::: DATA LISTING :::

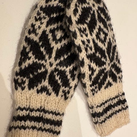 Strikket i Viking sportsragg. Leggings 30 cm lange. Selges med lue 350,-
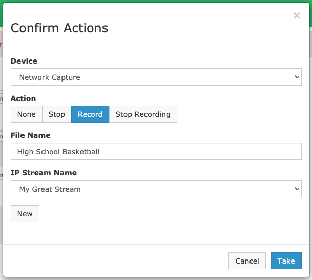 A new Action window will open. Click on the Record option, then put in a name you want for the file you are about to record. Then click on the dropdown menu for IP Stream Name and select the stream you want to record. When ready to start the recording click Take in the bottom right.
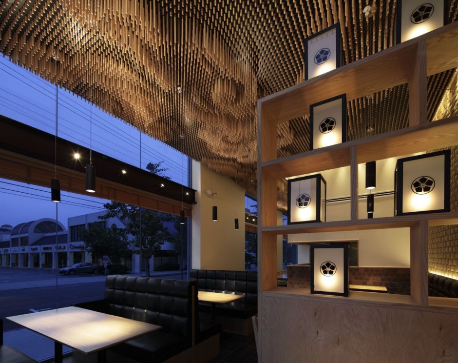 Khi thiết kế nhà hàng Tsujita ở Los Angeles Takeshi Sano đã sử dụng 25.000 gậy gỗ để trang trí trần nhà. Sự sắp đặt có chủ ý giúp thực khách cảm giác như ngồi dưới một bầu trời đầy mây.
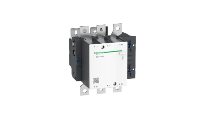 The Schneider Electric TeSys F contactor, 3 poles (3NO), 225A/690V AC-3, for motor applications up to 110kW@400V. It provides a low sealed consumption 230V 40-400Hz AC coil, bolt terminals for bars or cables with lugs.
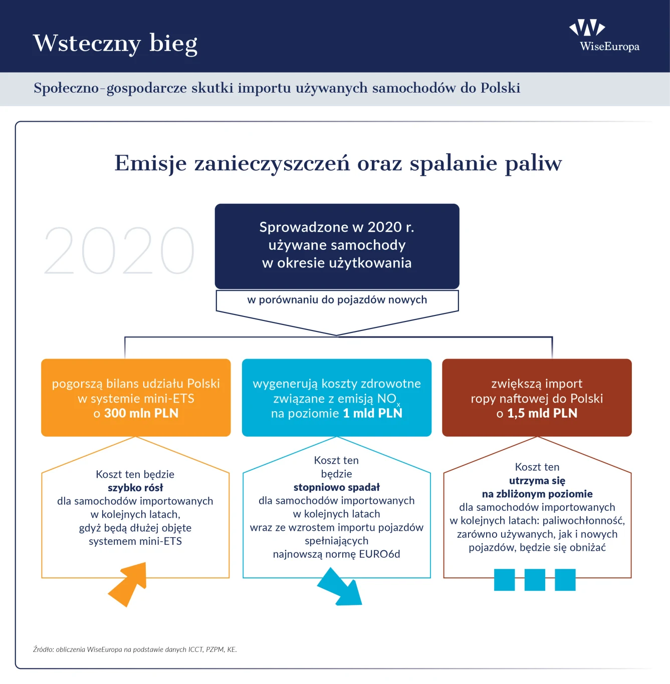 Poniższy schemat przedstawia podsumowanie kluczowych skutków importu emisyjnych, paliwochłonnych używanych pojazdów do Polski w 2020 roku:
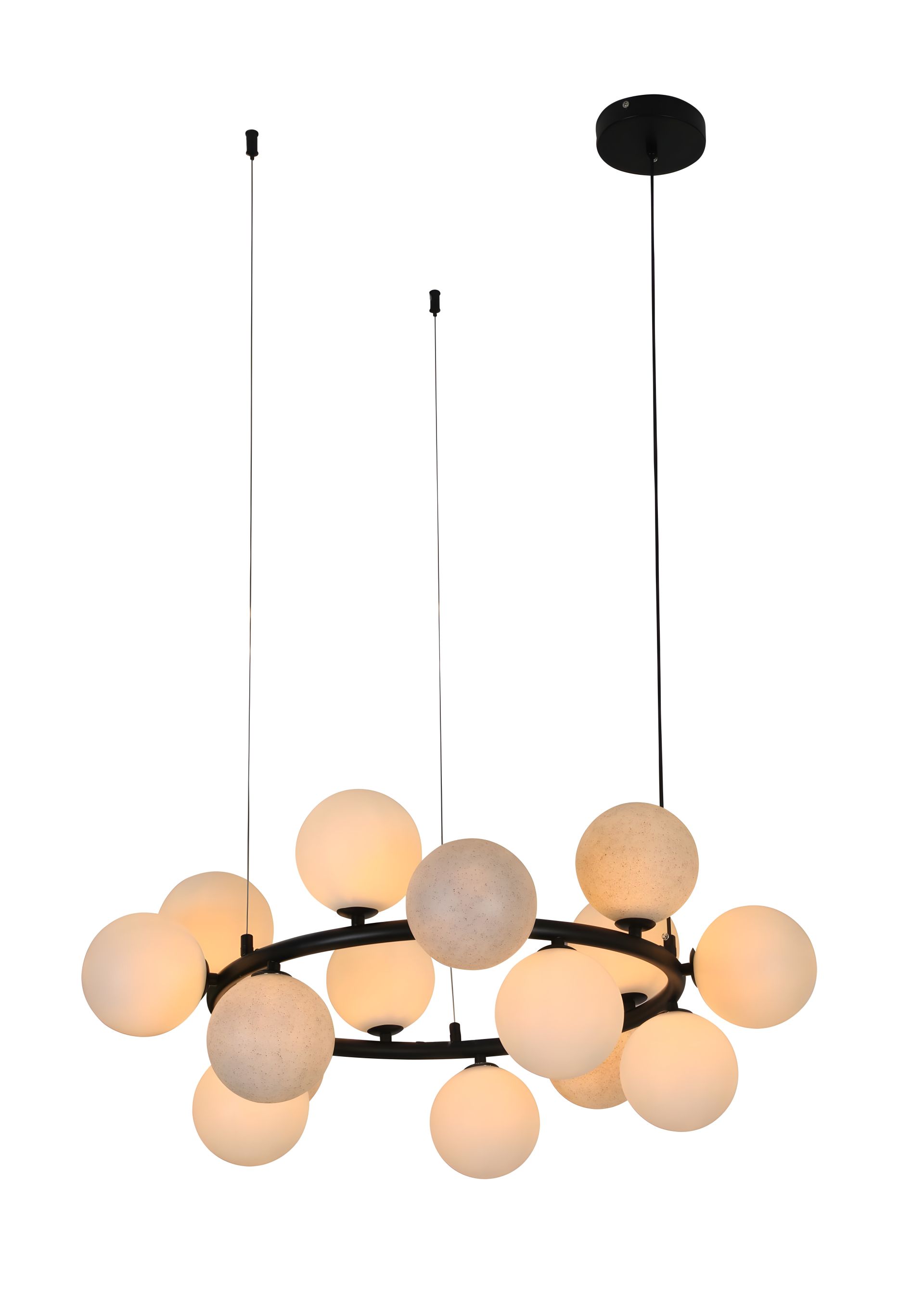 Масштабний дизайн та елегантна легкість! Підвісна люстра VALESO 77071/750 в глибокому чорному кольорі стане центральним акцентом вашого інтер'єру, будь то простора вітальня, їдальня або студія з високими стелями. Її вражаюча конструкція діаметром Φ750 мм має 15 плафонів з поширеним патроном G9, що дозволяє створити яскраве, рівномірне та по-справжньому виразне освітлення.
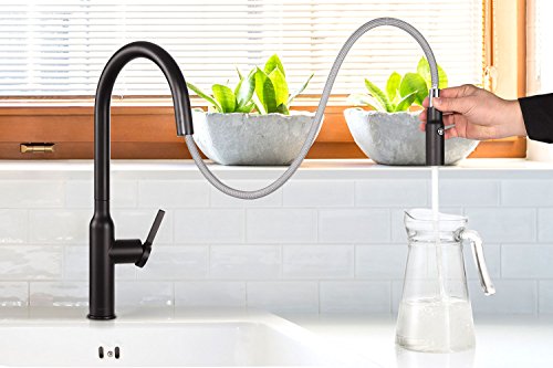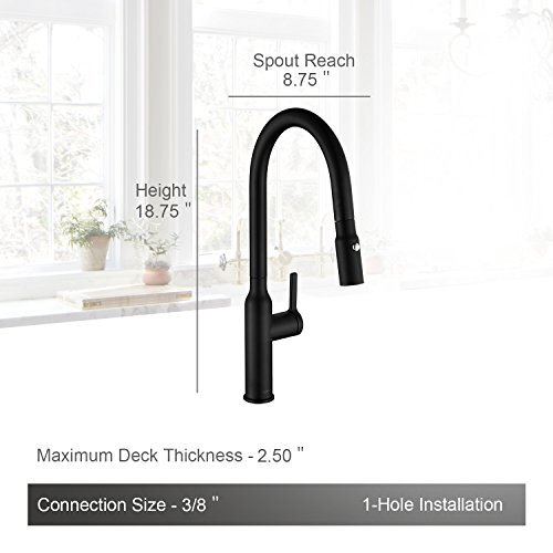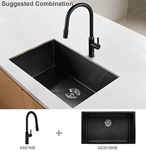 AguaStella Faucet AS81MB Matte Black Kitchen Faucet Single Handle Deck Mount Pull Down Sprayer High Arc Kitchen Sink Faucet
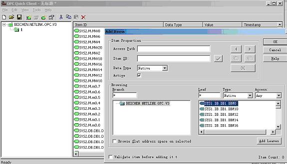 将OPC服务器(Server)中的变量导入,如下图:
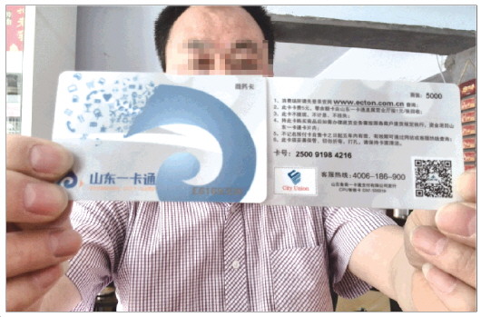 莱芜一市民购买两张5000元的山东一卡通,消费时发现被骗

:::

→ WHAT IS BEING ASKED:
Exactly as written, return every line of the listing, but not the pictures.

→ RESULT FOR THIS EXERCISE:
 Strikket i Viking sportsragg. Leggings 30 cm lange. Selges med lue 350,-
 A new Action window will open. Click on the Record option, then put in a name you want for the file you are about to record. Then click on the dropdown menu for IP Stream Name and select the stream you want to record. When ready to start the recording click Take in the bottom right.
 Khi thiết kế nhà hàng Tsujita ở Los Angeles Takeshi Sano đã sử dụng 25.000 gậy gỗ để trang trí trần nhà. Sự sắp đặt có chủ ý giúp thực khách cảm giác như ngồi dưới một bầu trời đầy mây.
 The Schneider Electric TeSys F contactor, 3 poles (3NO), 225A/690V AC-3, for motor applications up to 110kW@400V. It provides a low sealed consumption 230V 40-400Hz AC coil, bolt terminals for bars or cables with lugs.
 Poniższy schemat przedstawia podsumowanie kluczowych skutków importu emisyjnych, paliwochłonnych używanych pojazdów do Polski w 2020 roku:
 Масштабний дизайн та елегантна легкість! Підвісна люстра VALESO 77071/750 в глибокому чорному кольорі стане центральним акцентом вашого інтер'єру, будь то простора вітальня, їдальня або студія з високими стелями. Її вражаюча конструкція діаметром Φ750 мм має 15 плафонів з поширеним патроном G9, що дозволяє створити яскраве, рівномірне та по-справжньому виразне освітлення.
 AguaStella Faucet AS81MB Matte Black Kitchen Faucet Single Handle Deck Mount Pull Down Sprayer High Arc Kitchen Sink Faucet
 将OPC服务器(Server)中的变量导入,如下图:
 莱芜一市民购买两张5000元的山东一卡通,消费时发现被骗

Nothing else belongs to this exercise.